=== EXERCISE REQUIREMENTS ===
When copying the data below, keep only the lines from the one with "(2)若⊙O的半径为8,求正方形ABCD的边长." through the one with "QRコード決済4サービスのメ", word for word, and skip the pictures.

=== MATERIAL TO PROCESS ===
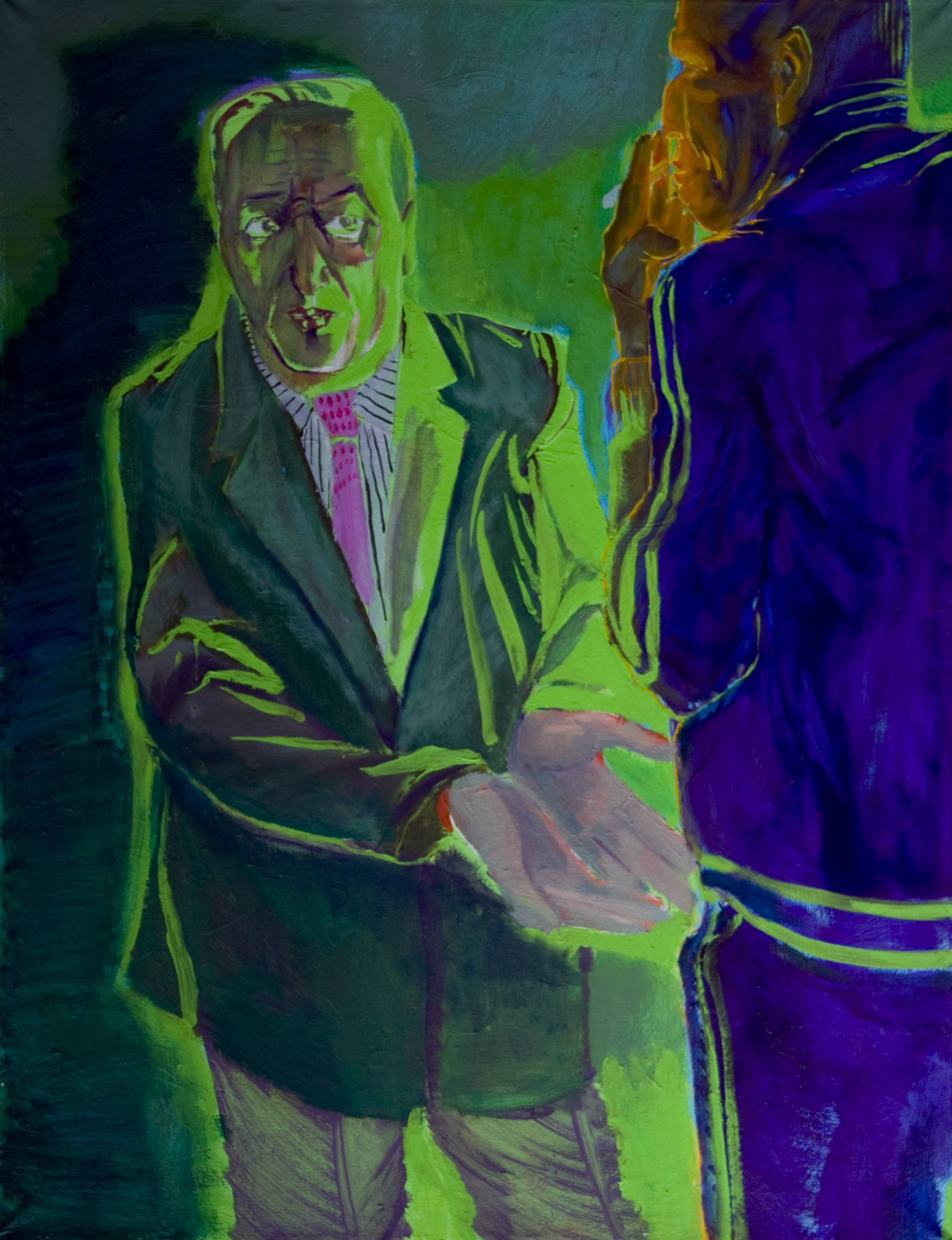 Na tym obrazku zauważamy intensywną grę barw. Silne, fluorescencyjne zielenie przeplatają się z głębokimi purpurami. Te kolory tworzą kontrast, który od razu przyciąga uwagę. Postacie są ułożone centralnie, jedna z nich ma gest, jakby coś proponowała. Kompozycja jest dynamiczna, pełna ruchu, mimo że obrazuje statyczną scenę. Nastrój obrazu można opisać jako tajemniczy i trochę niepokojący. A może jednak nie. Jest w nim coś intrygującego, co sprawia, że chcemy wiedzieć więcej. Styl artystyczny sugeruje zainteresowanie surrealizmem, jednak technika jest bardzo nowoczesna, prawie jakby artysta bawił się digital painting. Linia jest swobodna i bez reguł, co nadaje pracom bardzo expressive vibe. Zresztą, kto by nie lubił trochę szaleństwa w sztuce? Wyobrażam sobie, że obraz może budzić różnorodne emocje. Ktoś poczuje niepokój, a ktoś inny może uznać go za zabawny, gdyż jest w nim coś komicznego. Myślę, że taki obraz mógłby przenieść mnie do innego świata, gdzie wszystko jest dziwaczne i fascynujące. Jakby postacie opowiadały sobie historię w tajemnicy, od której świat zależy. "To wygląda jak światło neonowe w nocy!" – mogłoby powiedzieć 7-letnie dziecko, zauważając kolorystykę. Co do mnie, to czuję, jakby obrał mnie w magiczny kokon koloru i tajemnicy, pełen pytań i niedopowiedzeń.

---

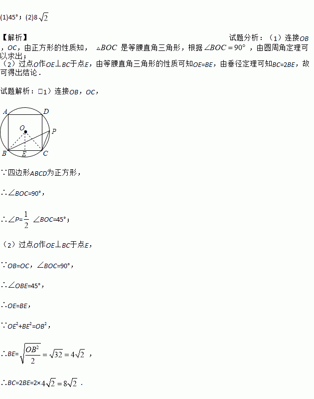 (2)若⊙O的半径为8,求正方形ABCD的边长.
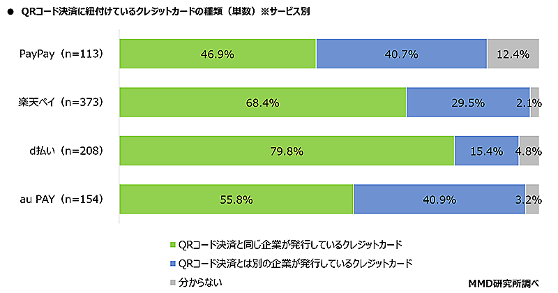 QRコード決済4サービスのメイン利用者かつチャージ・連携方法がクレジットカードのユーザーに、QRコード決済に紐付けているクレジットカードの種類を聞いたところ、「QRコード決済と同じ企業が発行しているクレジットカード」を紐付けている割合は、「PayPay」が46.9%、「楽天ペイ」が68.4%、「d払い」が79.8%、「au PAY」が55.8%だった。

=== RESPONSE AREA ===
 (2)若⊙O的半径为8,求正方形ABCD的边长.
 QRコード決済4サービスのメイン利用者かつチャージ・連携方法がクレジットカードのユーザーに、QRコード決済に紐付けているクレジットカードの種類を聞いたところ、「QRコード決済と同じ企業が発行しているクレジットカード」を紐付けている割合は、「PayPay」が46.9%、「楽天ペイ」が68.4%、「d払い」が79.8%、「au PAY」が55.8%だった。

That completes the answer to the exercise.